> **Exercise material**:
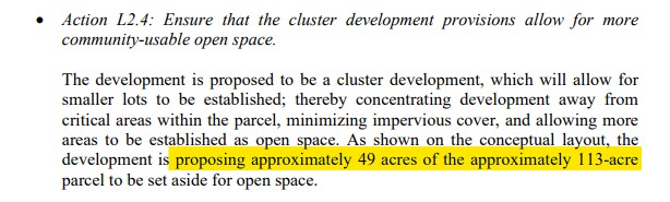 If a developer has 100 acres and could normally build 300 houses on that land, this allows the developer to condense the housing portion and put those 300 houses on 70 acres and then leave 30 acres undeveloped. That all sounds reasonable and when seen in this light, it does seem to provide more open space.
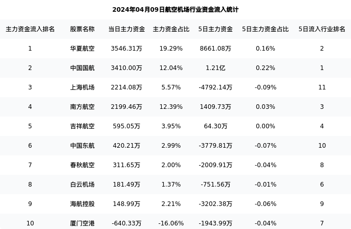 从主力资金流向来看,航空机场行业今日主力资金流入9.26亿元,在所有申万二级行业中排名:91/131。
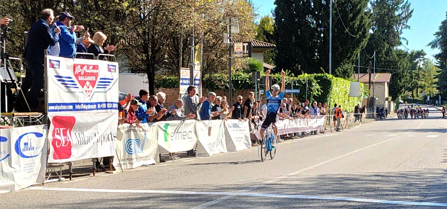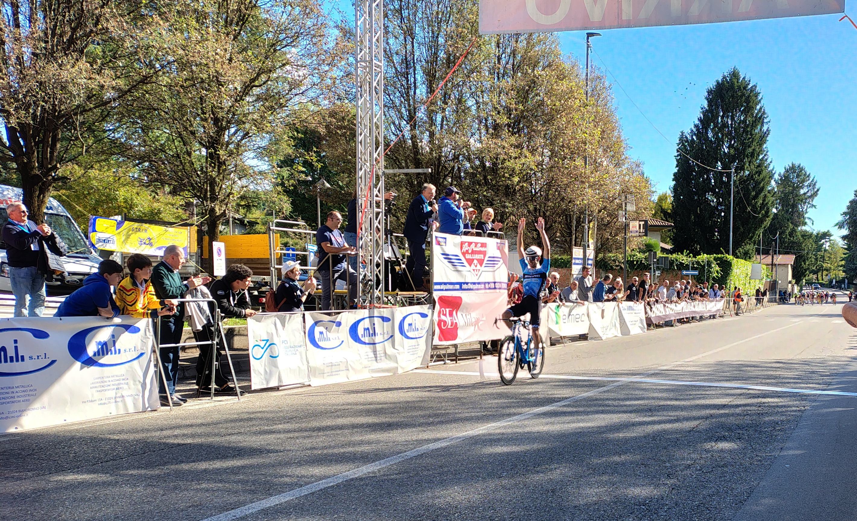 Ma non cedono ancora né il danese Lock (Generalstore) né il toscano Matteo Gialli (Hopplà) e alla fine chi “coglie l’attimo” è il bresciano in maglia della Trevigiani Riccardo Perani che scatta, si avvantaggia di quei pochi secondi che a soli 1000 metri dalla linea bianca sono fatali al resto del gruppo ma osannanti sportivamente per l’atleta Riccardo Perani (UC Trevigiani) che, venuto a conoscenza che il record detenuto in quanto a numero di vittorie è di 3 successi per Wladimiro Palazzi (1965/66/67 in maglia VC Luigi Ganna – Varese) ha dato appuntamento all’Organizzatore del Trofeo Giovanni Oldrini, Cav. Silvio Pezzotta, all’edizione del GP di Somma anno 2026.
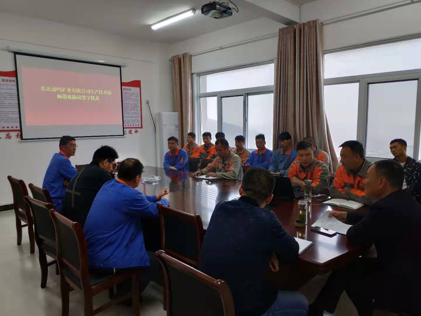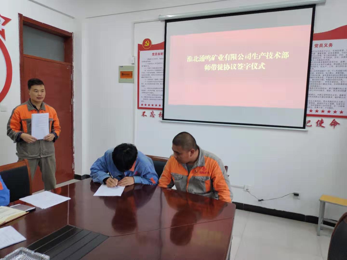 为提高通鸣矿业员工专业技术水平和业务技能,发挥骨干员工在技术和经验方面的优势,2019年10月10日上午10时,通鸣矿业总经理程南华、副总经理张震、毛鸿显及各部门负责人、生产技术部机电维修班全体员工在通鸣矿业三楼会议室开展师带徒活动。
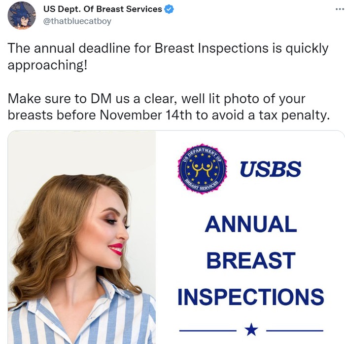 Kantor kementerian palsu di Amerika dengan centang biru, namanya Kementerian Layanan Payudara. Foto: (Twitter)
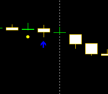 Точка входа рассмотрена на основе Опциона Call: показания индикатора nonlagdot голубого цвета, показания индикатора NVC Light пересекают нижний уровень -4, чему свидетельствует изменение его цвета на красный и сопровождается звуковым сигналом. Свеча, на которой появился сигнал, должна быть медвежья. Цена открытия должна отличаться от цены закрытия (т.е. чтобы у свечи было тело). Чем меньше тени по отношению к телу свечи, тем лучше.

> **What you will do**:
Exact reproduction is required for the lines from the one containing "为提高通鸣矿业员工专业技术水" through the end of the material, and for those lines only, without pictures.

> **Solution for this task**:
 为提高通鸣矿业员工专业技术水平和业务技能,发挥骨干员工在技术和经验方面的优势,2019年10月10日上午10时,通鸣矿业总经理程南华、副总经理张震、毛鸿显及各部门负责人、生产技术部机电维修班全体员工在通鸣矿业三楼会议室开展师带徒活动。
 Kantor kementerian palsu di Amerika dengan centang biru, namanya Kementerian Layanan Payudara. Foto: (Twitter)
 Точка входа рассмотрена на основе Опциона Call: показания индикатора nonlagdot голубого цвета, показания индикатора NVC Light пересекают нижний уровень -4, чему свидетельствует изменение его цвета на красный и сопровождается звуковым сигналом. Свеча, на которой появился сигнал, должна быть медвежья. Цена открытия должна отличаться от цены закрытия (т.е. чтобы у свечи было тело). Чем меньше тени по отношению к телу свечи, тем лучше.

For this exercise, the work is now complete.